As someone wise here said to me "Let them be the icing on the cake and not the cake"

User7777 I'm glad you have the Cardio app in the New Year! Your poor heart has really taken a battering with all this stress and heartbreak. I hope you will keep reaching out to support services and anyone who can help. Take care of you, too flowers and don't be ashamed to reach out for help. However much you love a child, you need to love yourself, too.

Sweetyesterdays Sat 09-Nov-24 18:50:32

I dont think its a good idea to send this letter

Allsorts Sat 09-Nov-24 19:34:00

The original poster posted this nearly three years ago.

strosllA Sat 09-Nov-24 20:09:36

Message deleted by Gransnet. Here's a link to our Talk guidelines.

strosllA Sat 09-Nov-24 20:09:47

Message deleted by Gransnet. Here's a link to our Talk guidelines.

Babs03 Sat 09-Nov-24 20:33:33

Reported.

Babs03 Sat 09-Nov-24 20:33:47

Sick, just sick.

Smileless2012 Sun 10-Nov-24 08:58:38

I see they're still at it.

Babs03 Sun 10-Nov-24 12:47:57

@Smiles what they said here yesterday was foul, seems they are uppping their ammo and using the language of the gutter now.

Babs03 Sun 10-Nov-24 12:55:53

Correction upping with just two p’s.

Smileless2012 Sun 10-Nov-24 14:14:32

Thanks to you reporting the posts Babs I didn't see them but regardless of the amount or nature of their ammo, we remain unharmed by them.

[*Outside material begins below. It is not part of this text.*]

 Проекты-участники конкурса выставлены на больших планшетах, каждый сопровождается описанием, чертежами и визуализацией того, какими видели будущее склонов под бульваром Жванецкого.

DiamondLily Sun 10-Nov-24 18:02:20

As this thread is 3 years old, I think it might be best locked now. It’s obviously being used for yet another wind up. 🙄

Dajaxta Tue 18-Feb-25 19:08:38

The only atrocity I see here is this letter and your responses. Quite bluntly, I can see why you are estranged. You say in one comment? Dad, your self-reflection is not an issue because you can't see where you may have gone wrong, and in another one, you say that you tried your best, and that no one is perfect. These truistic platitudes are the problem. Saying nobody is perfect is like saying 2 + 2 = 4. It's true, but it doesn't help your case. If all your son wanted was for you to shut up and listen to his perspective, to which he is entitled, and you failed to do that, that's on you. So, here's another truism for you. You have two ears and one mouth, and your brain is bigger than all of that put together. Think before you speak and listen twice as much as you talk. I wouldn't want my children near you either. Unless you are willing to accept some responsibility, it sounds to me like you did this to yourself. If you're capable of writing this in a letter, think of what will be written in your obituary.

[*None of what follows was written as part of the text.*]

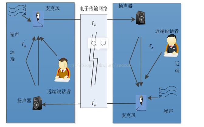 当远端Far-end有说话者讲话时,声音会传到近端(Near-end)的扬声器,然后声音通过空间延时和传输延时重新回到了远端。这样就造成了声学回声。近端到远端的流程也有同样声学回声,在此仅仅描述近端的流程.

Smileless2012 Tue 18-Feb-25 19:44:20

An unnecessarily unpleasant post Dajaxta but thankfully as this thread was started over 3 years ago it's extremely unlikely that the OP will read it.

DiamondLily Wed 19-Feb-25 07:38:20

Dajaxta

The only atrocity I see here is this letter and your responses. Quite bluntly, I can see why you are estranged. You say in one comment? Dad, your self-reflection is not an issue because you can't see where you may have gone wrong, and in another one, you say that you tried your best, and that no one is perfect. These truistic platitudes are the problem. Saying nobody is perfect is like saying 2 + 2 = 4. It's true, but it doesn't help your case. If all your son wanted was for you to shut up and listen to his perspective, to which he is entitled, and you failed to do that, that's on you. So, here's another truism for you. You have two ears and one mouth, and your brain is bigger than all of that put together. Think before you speak and listen twice as much as you talk. I wouldn't want my children near you either. Unless you are willing to accept some responsibility, it sounds to me like you did this to yourself. If you're capable of writing this in a letter, think of what will be written in your obituary.

There’s another truism that perhaps you should employ, and then adding some empathy to it.

“Best engage your brain before using your mouth/keyboard”.

Try it. 👍

Your post was unpleasant for the sake of it. 🤷‍♀️. Luckily, the OP has long gone.